The goal of this step is to reconstruct a special subset of web page accesses, which we use to build a Knowledge Base about web pages and the objects composing them. Before grouping HTTP transactions into web pages, EtE monitor first sorts all transactions from the Transaction Log using the timestamps for the beginning of the requests in increasing time order. Thus, the requests for the embedded objects of a web page must follow the request for the corresponding HTML file of the page. When grouping objects into web pages (here and in the next subsection), we consider only transactions with successful responses, i.e. with status code 200 in the responses.

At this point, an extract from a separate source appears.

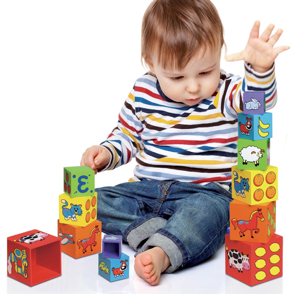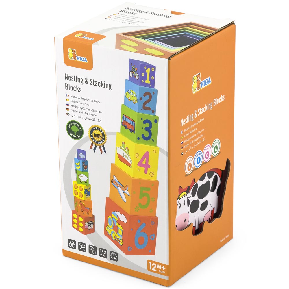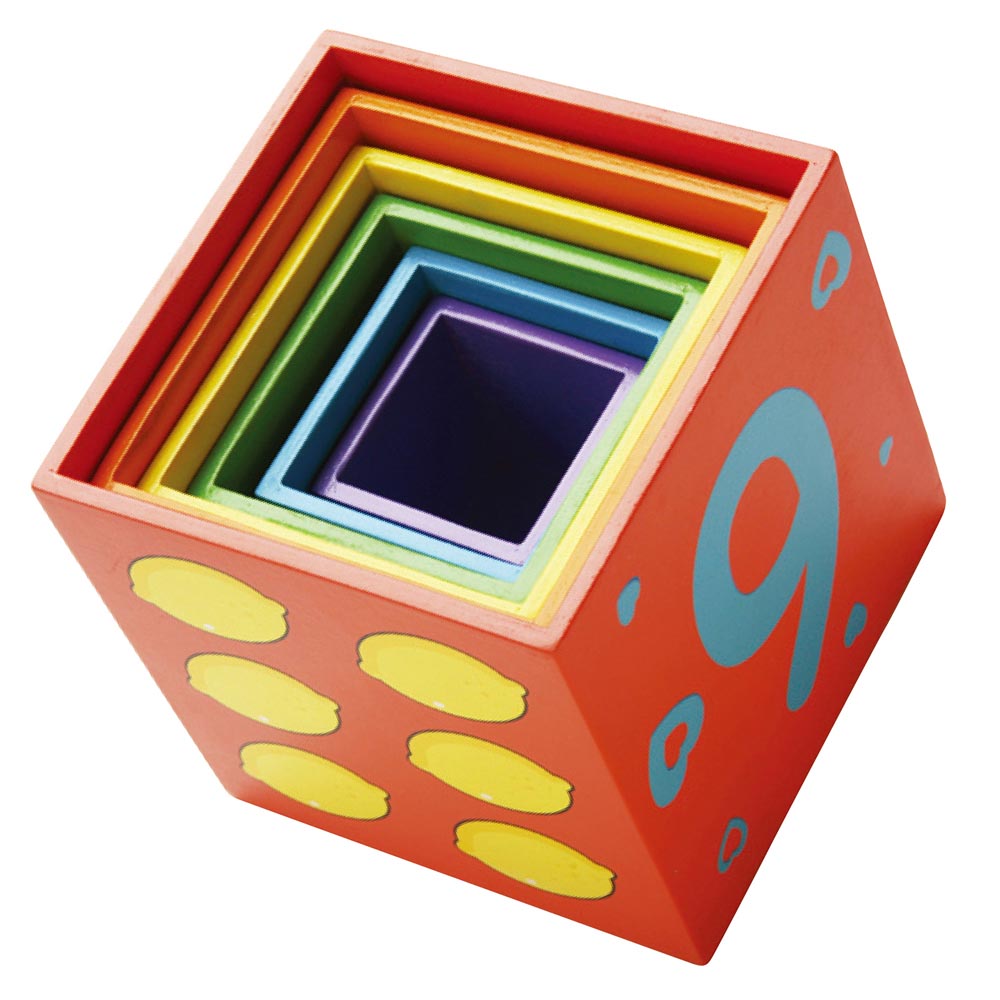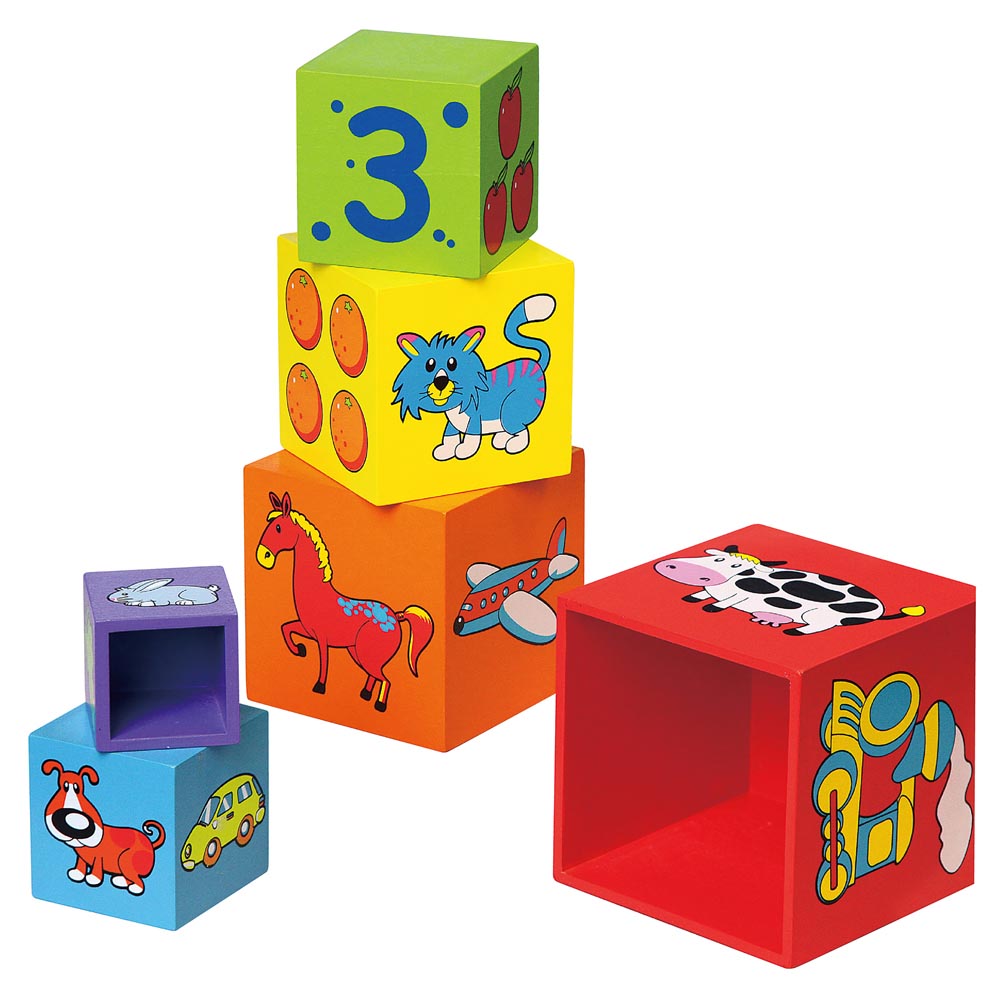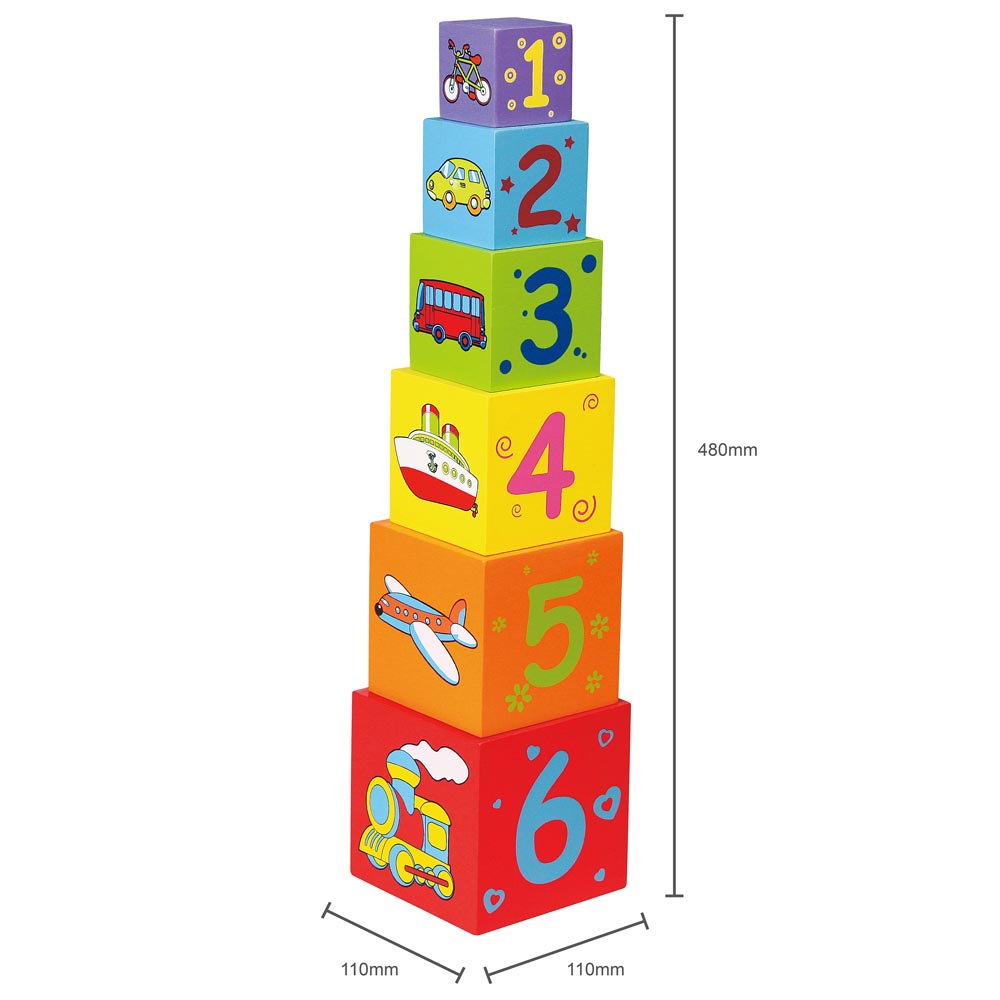 6 cubos de encaje de mayor a menor. Para encajar uno sobre otro y apilar. 4 caras con diferentes diseños y figuras, números de el 1 al 6, cantidad de frutas correspondiente al numero, vehículo de transporte y animales. De diferentes colores para contar del 1 al 6. De excelente calidad y diseño. Cubo grande rojo de 11 x 11 cm. 48 x 11 x 11 cm torre armada.

The next step is to scan the sorted transaction log and group objects into web page accesses. Not all the transactions are useful for the Knowledge Base construction process. During this step, some of the Transaction Log entries are excluded from our current consideration:
When processing an entry of the Transaction Log, EtE monitor first locates the Web Page Table for the client's IP in the Client Access Table. Then, EtE monitor handles the transaction according to its content type:
1. If the content type is text/html, EtE monitor treats it as the beginning of a web page and creates a new web page entry in the Web Page Table.
2. For other content types, EtE monitor attempts to insert the URL of the requested object into the web page that contains it according to its referer field. If the referred HTML file is already present in the Web Page Table, EtE monitor appends this object at the end of the entry. If the referred HTML file does not exist in the client's Web Page Table, it means that the client may have retrieved a cached copy of the object from somewhere else between the client and the web server. In this case, EtE monitor first creates a new web page entry in the Web Page Table for the referred HTML file. Then it appends the considered object to this page.
From the Client Access Table, EtE monitor determines the content template of any given web page as a combined set of all the objects that appear in all the access patterns for this web page. Thus, EtE monitor scans the Client Access Table and creates a new hash table, as shown in Figure 3, which is used as a Knowledge Base to group the accesses for the same web pages from other client's browsers that do not set the referer fields.